I have the following dataframe:
in_scenario_USA USA index_in
month year
4 1960 NaN 0
5 1960 NaN 0
6 1960 0.000000 1.0
7 1960 0.000000 1.0
8 1960 0.000000 1.0
9 1960 0.000000 1.0
10 1960 0.000000 1.0
11 1960 0.000000 1.0
12 1960 0.000000 1.0
1 1961 0.000000 1.0
2 1961 0.025536 1.0
3 1961 0.003843 1.0
4 1961 0.019139 1.0
5 1961 0.000000 1.0
The first column is the percentage return of one month. Based on my scenarios, it is either 0 or a number. I would like my second column to have its first non null value to remain 1 and then each subsequent value can be explained with the following formula:
USA index_in[i] = USA index_in[i-1] * (1 + in_scenario_USA)[i]
so in the end it would look like this:
in_scenario_USA USA index_in
month year
4 1960 NaN 0
5 1960 NaN 0
6 1960 0.000000 1.0
7 1960 0.000000 1.0
8 1960 0.000000 1.0
9 1960 0.500000 1.5
10 1960 0.500000 2.25
11 1960 0.000000 2.25
12 1960 0.000000 2.25
1 1961 0.000000 2.25
2 1961 -0.200000 1.8
3 1961 0.100000 1.98
4 1961 0.100000 2.178
5 1961 0.000000 2.178
I've tried many loops but the one I feel the closest to be accurate is this one but I only get NaN values in the end.

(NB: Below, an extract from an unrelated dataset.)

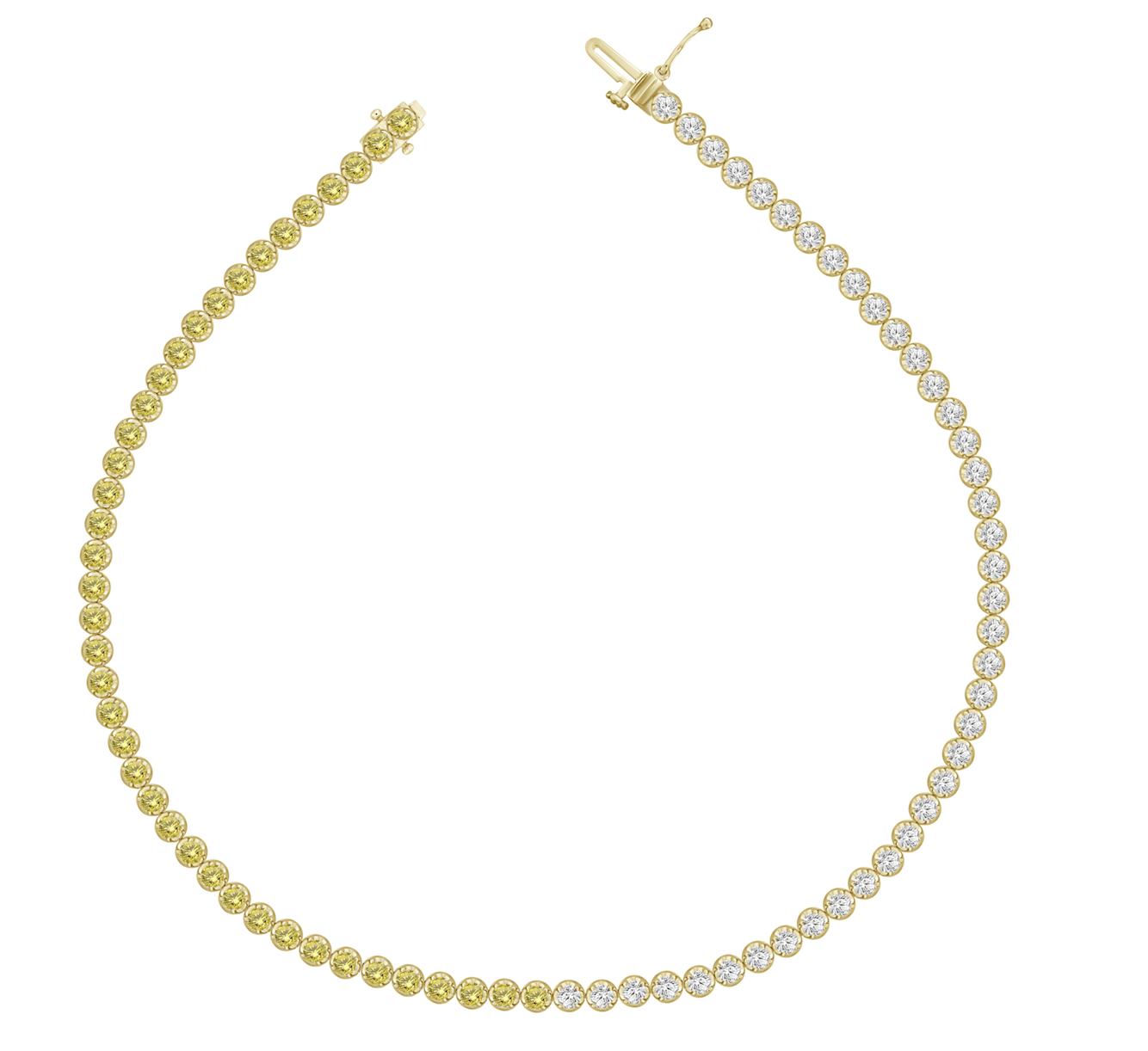 The Half Yellow Sapphire Half Diamond Bezel Bracelet is available in 18K White, Yellow and Rose Gold. Diamond Weight 0.70 CT, SI G/H. Please allow 2-3 weeks for production.

for i in range(0, len(df_merged[col + ' index_in'])):
if df_merged[col + ' index_in'].iloc[i] == 1 and (df_merged[col + ' index_in'].iloc[-i] == 0):
continue
else:
df_merged[col + ' index_in'].iloc[i] = np.multiply(df_merged[col + ' index_in'].iloc[i-1], df_merged['in_scenario_' + col].iloc[i])
Thanks for your help.
I think your problem is the NaN
values in your first couple rows, that get multiplied through and result in adding NaN values. Try this:
newcol = []
firstnonnan = True
for index, row in df.iterrows():
if row['in_scenario_USA'].isnull():
newcol.append(row['USA_index_in'])
elif firstnonnan = True:
newcol.append(1)
firstnonnan = False
else:
newcol.append(newcol[-1]*(1+row['in_scenario_USA']))
df['USA index_in'] = newcol
Basically, you're going to iterate through the dataframe and build a list to overwrite your column with. If you have a NaN
value, you're going to take the same value that's already in that column. The first time you see a non-NaN
, you'll add a 1 to your list. After that, you'll use the last item in the list as your previous value.